Anwendungsbereiche:Oberlid
Behandlungsdauer:1-2 Stunden
Betäubung:örtlich, Vollnarkose
Nachbehandlung:Kühlung
Fadenzug:1 Woche
Gesellschaftsfähigkeit:2 Wochen
Kosten:2500

Augenlidstraffung


Ein Blick in die Augen verrät viel über einen Menschen. Nicht umsonst gelten die Augen als Spiegel der Seele. Die empfindliche Region mit ihren feinen Strukturen ist jedoch kontinuierlich äußeren Umwelteinflüssen ausgesetzt. Im Zuge des natürlichen Alterungsprozesses verliert die dünne Haut ebenso wie das feine elastische Gewebe rund um die Augen an Elastizität. Die Augenpartie beginnt zu erschlaffen und kann sich mit der Zeit vorwölben.

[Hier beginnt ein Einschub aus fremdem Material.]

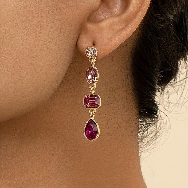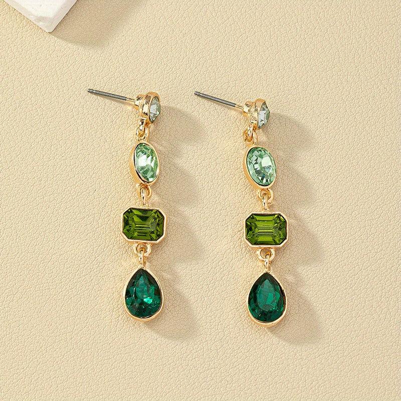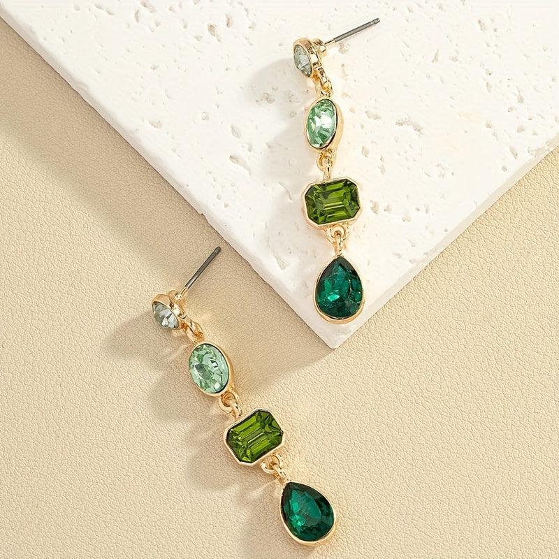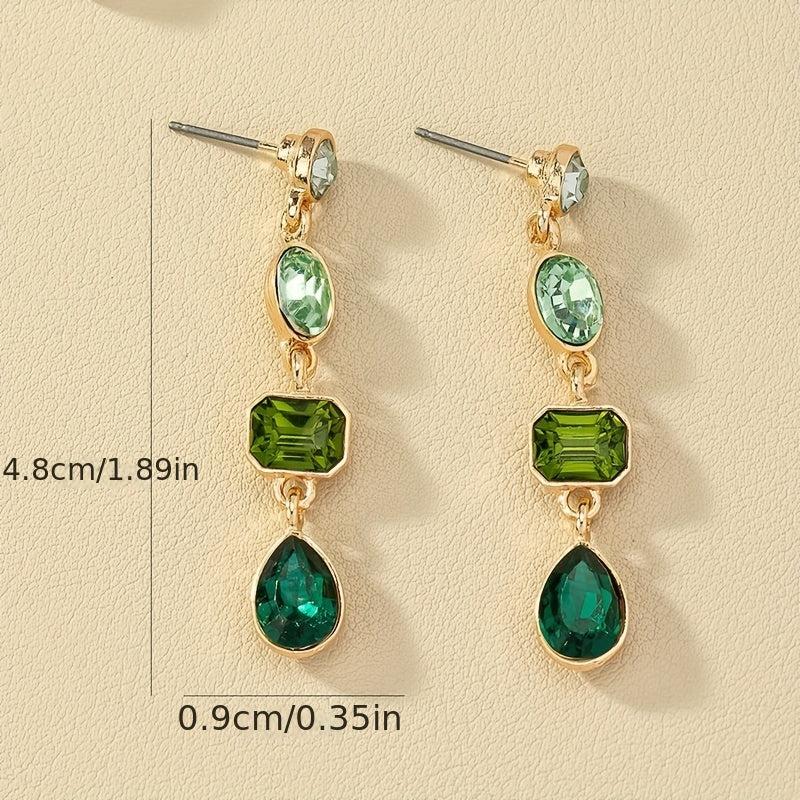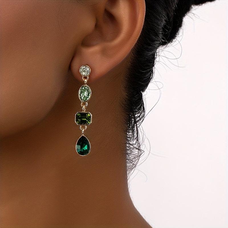 These retro gradient green rhinestone dangle earrings are made of alloy with stainless steel ear hooks. They are a stylish and elegant accessory for any outfit.

Mit einer operativen Lidstraffung geben wir der sensiblen Augenpartie ihre jugendliche Spannkraft zurück. Die Augenregion wirkt nach dem Eingriff sichtbar verjüngt und erfrischt. In der Regel profitiert der gesamte Gesichtsausdruck von der Augenlidstraffung. Schließlich prägen die Augen unsere Ausstrahlung wie kaum eine andere Körperpartie und sind entscheidend dafür, wie wir von unseren Mitmenschen wahrgenommen werden.

Häufige Fragen zur Augenlidkorrektur

Eine kombinierte Straffung der Ober- und Unterlider ist durchaus möglich. In diesem Fall sollte die Lidkorrektur allerdings in Vollnarkose erfolgen.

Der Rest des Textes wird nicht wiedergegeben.